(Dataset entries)
______________________________

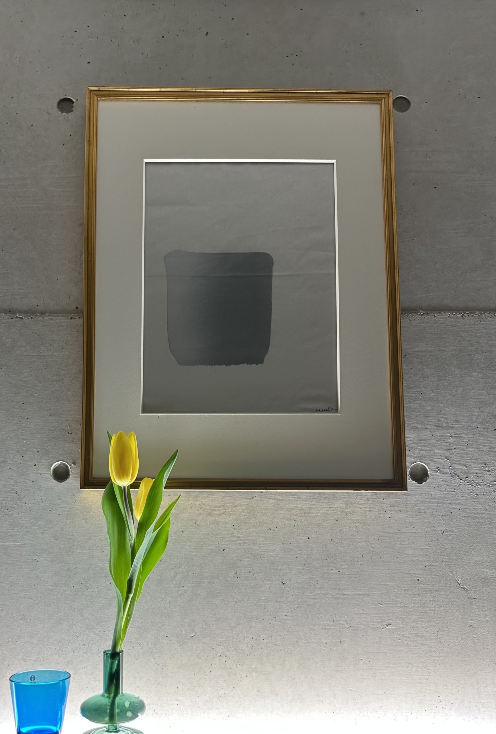 はい。李禹煥のアートと若手ガラス作家の一輪挿しに黄色いチューリップ。 それとイッタラのブルーガラスのタンブラー。好きな組み合わせです。
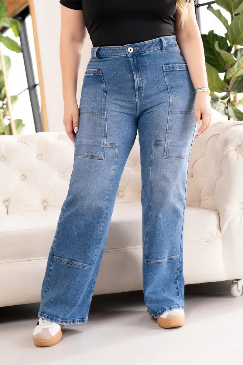 Jean Wide Leg Tiro Alto Bolsillos Frontales Tipo Parche Marca Trucco´s Plus Size
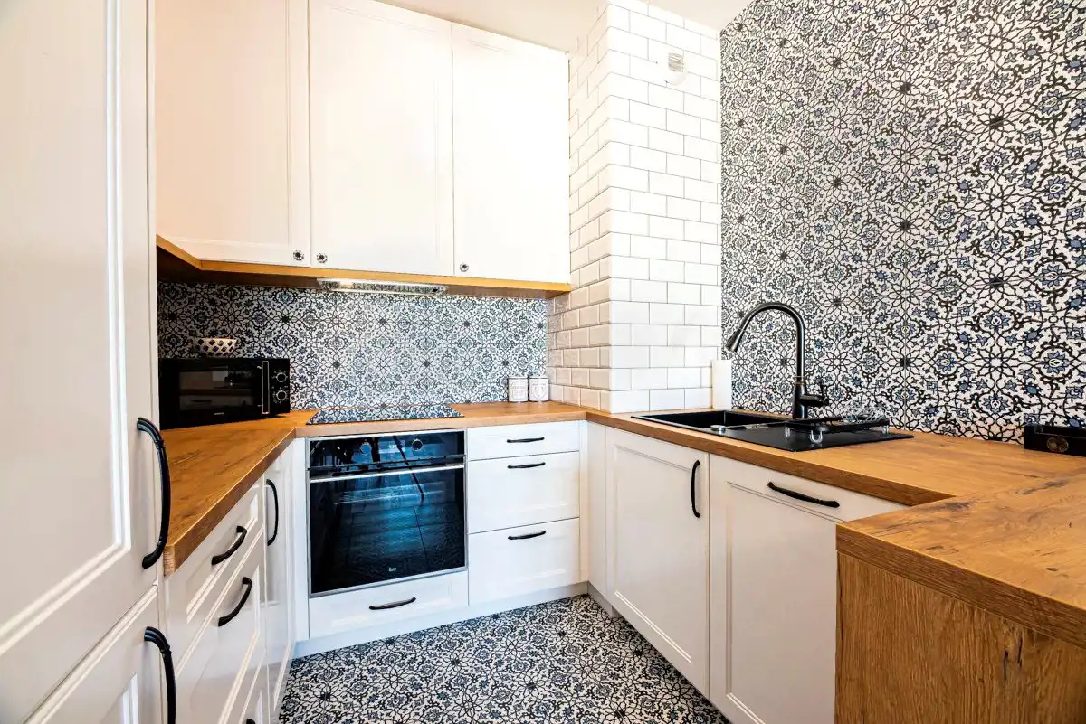 Wszystkie szafy w mieszkaniu i meble kuchenne robione na zamówienie pod wymiar.
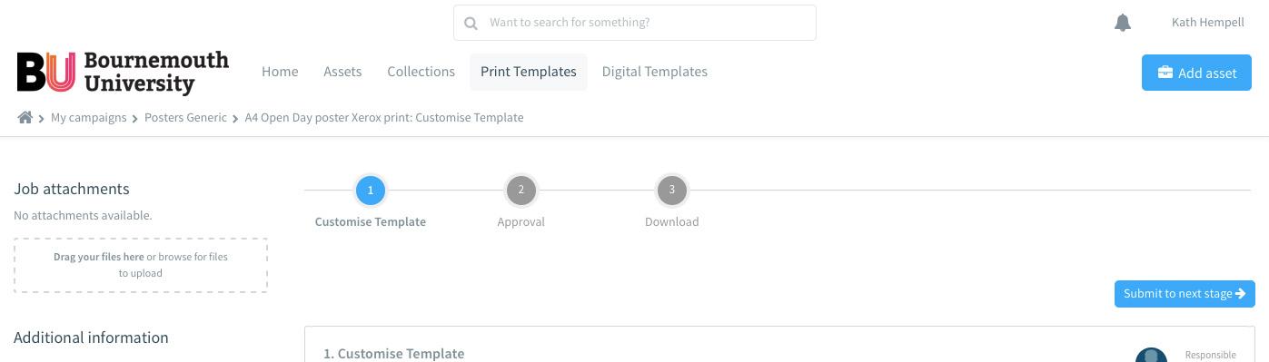 • Our Print Template module helps you manage the materials you want to print, customise them online with a simple editor, and upload so they can be reviewed and approved by the Design Team.
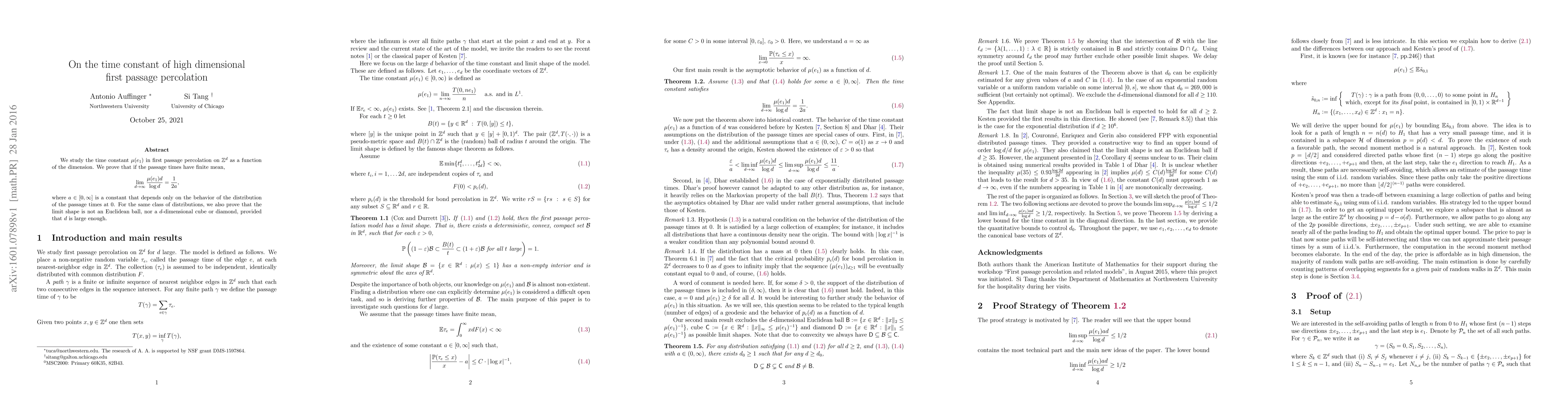 This paper investigates the time constant $\mu(e_{1})$ in high-dimensional first passage percolation, proving that as the dimension $d$ approaches infinity, $\mu(e_{1}) d/\log d$ converges to $1/(2a)$, where $a$ is a constant dependent on the passage times' distribution behavior near zero. It also shows that the limit shape deviates from Euclidean balls, cubes, or diamonds for sufficiently large dimensions.
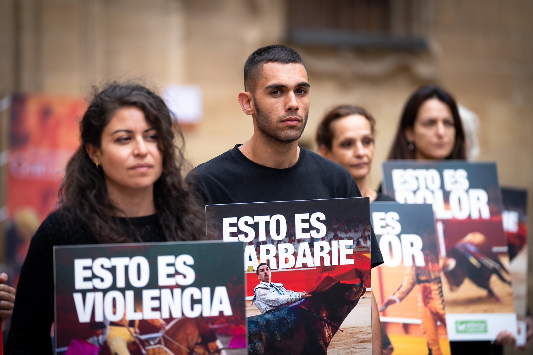 The elements of the protest were meticulously chosen to maximize emotional impact. Participants, dressed entirely in black as a sign of mourning for the animals, held banners with concise and direct messages designed to confront passersby with the stark reality of bullfighting. Phrases like "This is pain", "This is cruelty", "This is violence", and "This is barbarism" were designed to strip bullfighting of its cultural romanticism and expose it as an act of brutality. The demonstration transformed into a form of street theater, with activists using bullfighters' capes and red paint to simulate the blood and suffering that animals endure in the ring. This dramatization was not merely a representation, but a deliberate effort to force citizens to see the pain that the bullfighting industry tries to disguise.
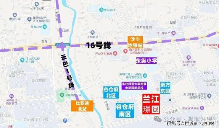 兰江璟园,位于坪山区石井街道比亚迪路豪方东园西侧,项目南侧是坪山比亚迪厂区,还有比亚迪六角大楼,西侧是方直谷仓府,北侧紧挨着东北师范大学附属中学深圳学校,16号地铁线“沙壆站”距离约400米。
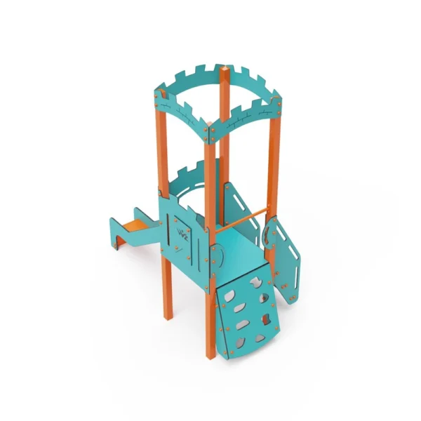Set s tri tornja sastoji se od dva tornja povezana sa središnjim tornjem sa zidovima pomoću mosta od užeta i tunela. Djeca se mogu penjati po konstrukciji pomoću stepenica, vertikalne stijene za penjanje s rukohvatima ili mreže od užeta, a mogu se i spuštati niz jedan od tri tobogana. Tirkizno-narančasti dizajn privlači izdaleka. Čelična konstrukcija otporna je na vremenske uvjete zahvaljujući vrućem pocinčavanju i premazu izdržljivom praškastom bojom. Korišteni HPL materijal je kemijski otporan, otporan na UV zračenje – postojan je u boji, netoksičan, reciklirajući i nelomljiv. To sprječava ozljede od oštrih rubova ili fragmenata. Užad su izrađena od poliesterskih vlakana namotanih oko središnje jezgre, što povećava njihovu čvrstoću i otpornost na mehanička naprezanja. Sam poliester otporan je na mikroorganizme i vremenske uvjete, brzo se suši nakon kiše, zadržava boju i ima visoku čvrstoću. Svi spojevi izrađeni su od nehrđajućeg čelika i prekriveni plastičnim kapicama radi poboljšanja trajnosti i sigurnosti.
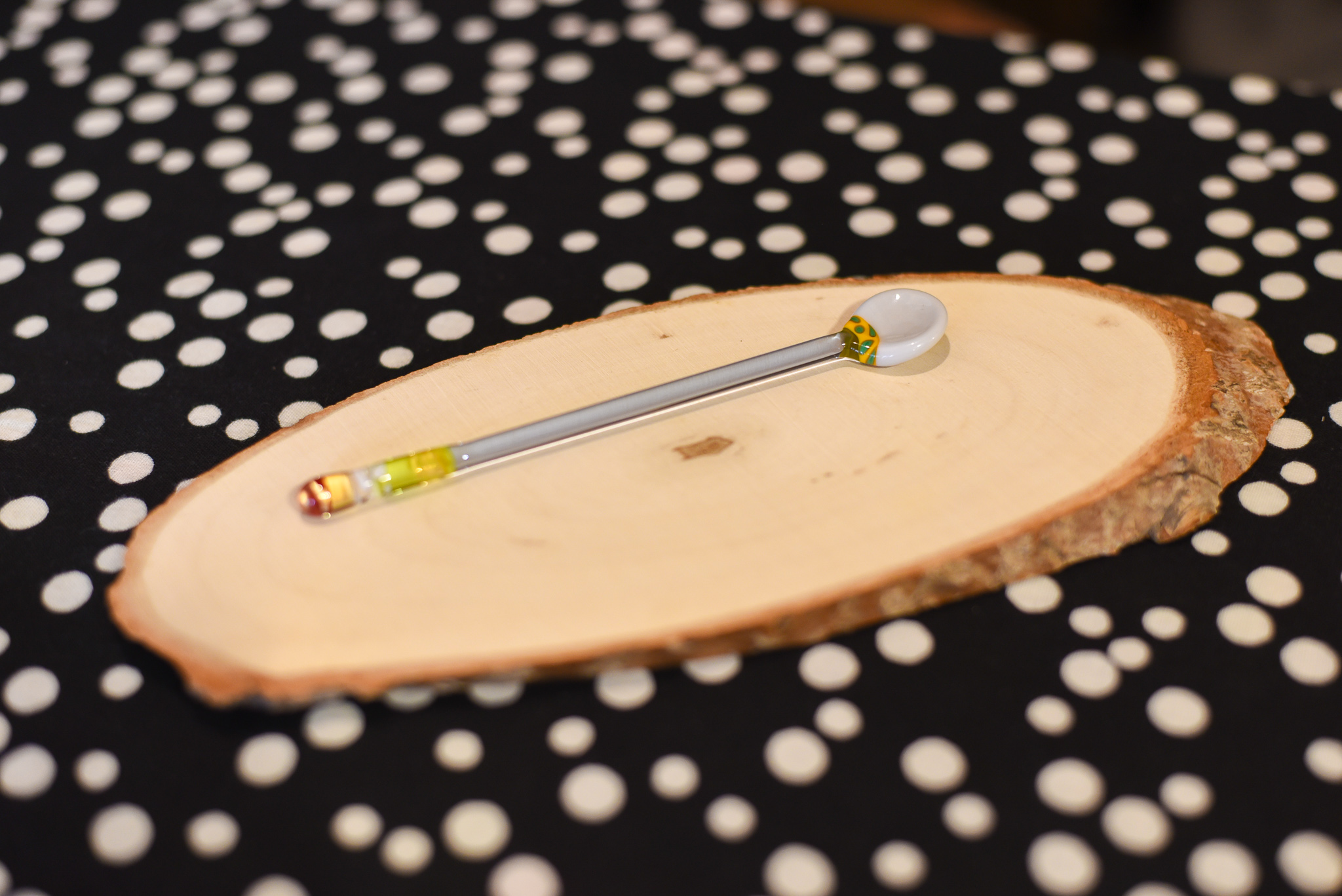 ガラスのキレイなティースプーンができあがりました!ちなみに池田はマドラーを作りました。
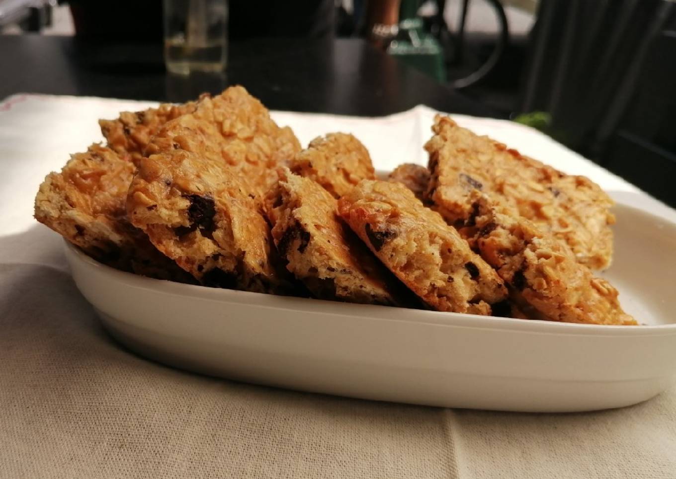 - Sacar del horno, desmoldar y cortar con un cuchillo la placa de avena en el tamaño que prefieras tus galletas, dejar enfriar y estarán listas para comer.

______________________________

Exercise details:
Your job is to copy every entry exactly. Omit the pictures.

Finished exercise:
 はい。李禹煥のアートと若手ガラス作家の一輪挿しに黄色いチューリップ。 それとイッタラのブルーガラスのタンブラー。好きな組み合わせです。
 Jean Wide Leg Tiro Alto Bolsillos Frontales Tipo Parche Marca Trucco´s Plus Size
 Wszystkie szafy w mieszkaniu i meble kuchenne robione na zamówienie pod wymiar.
 • Our Print Template module helps you manage the materials you want to print, customise them online with a simple editor, and upload so they can be reviewed and approved by the Design Team.
 This paper investigates the time constant $\mu(e_{1})$ in high-dimensional first passage percolation, proving that as the dimension $d$ approaches infinity, $\mu(e_{1}) d/\log d$ converges to $1/(2a)$, where $a$ is a constant dependent on the passage times' distribution behavior near zero. It also shows that the limit shape deviates from Euclidean balls, cubes, or diamonds for sufficiently large dimensions.
 The elements of the protest were meticulously chosen to maximize emotional impact. Participants, dressed entirely in black as a sign of mourning for the animals, held banners with concise and direct messages designed to confront passersby with the stark reality of bullfighting. Phrases like "This is pain", "This is cruelty", "This is violence", and "This is barbarism" were designed to strip bullfighting of its cultural romanticism and expose it as an act of brutality. The demonstration transformed into a form of street theater, with activists using bullfighters' capes and red paint to simulate the blood and suffering that animals endure in the ring. This dramatization was not merely a representation, but a deliberate effort to force citizens to see the pain that the bullfighting industry tries to disguise.
 兰江璟园,位于坪山区石井街道比亚迪路豪方东园西侧,项目南侧是坪山比亚迪厂区,还有比亚迪六角大楼,西侧是方直谷仓府,北侧紧挨着东北师范大学附属中学深圳学校,16号地铁线“沙壆站”距离约400米。
Set s tri tornja sastoji se od dva tornja povezana sa središnjim tornjem sa zidovima pomoću mosta od užeta i tunela. Djeca se mogu penjati po konstrukciji pomoću stepenica, vertikalne stijene za penjanje s rukohvatima ili mreže od užeta, a mogu se i spuštati niz jedan od tri tobogana. Tirkizno-narančasti dizajn privlači izdaleka. Čelična konstrukcija otporna je na vremenske uvjete zahvaljujući vrućem pocinčavanju i premazu izdržljivom praškastom bojom. Korišteni HPL materijal je kemijski otporan, otporan na UV zračenje – postojan je u boji, netoksičan, reciklirajući i nelomljiv. To sprječava ozljede od oštrih rubova ili fragmenata. Užad su izrađena od poliesterskih vlakana namotanih oko središnje jezgre, što povećava njihovu čvrstoću i otpornost na mehanička naprezanja. Sam poliester otporan je na mikroorganizme i vremenske uvjete, brzo se suši nakon kiše, zadržava boju i ima visoku čvrstoću. Svi spojevi izrađeni su od nehrđajućeg čelika i prekriveni plastičnim kapicama radi poboljšanja trajnosti i sigurnosti.
 ガラスのキレイなティースプーンができあがりました!ちなみに池田はマドラーを作りました。
 - Sacar del horno, desmoldar y cortar con un cuchillo la placa de avena en el tamaño que prefieras tus galletas, dejar enfriar y estarán listas para comer.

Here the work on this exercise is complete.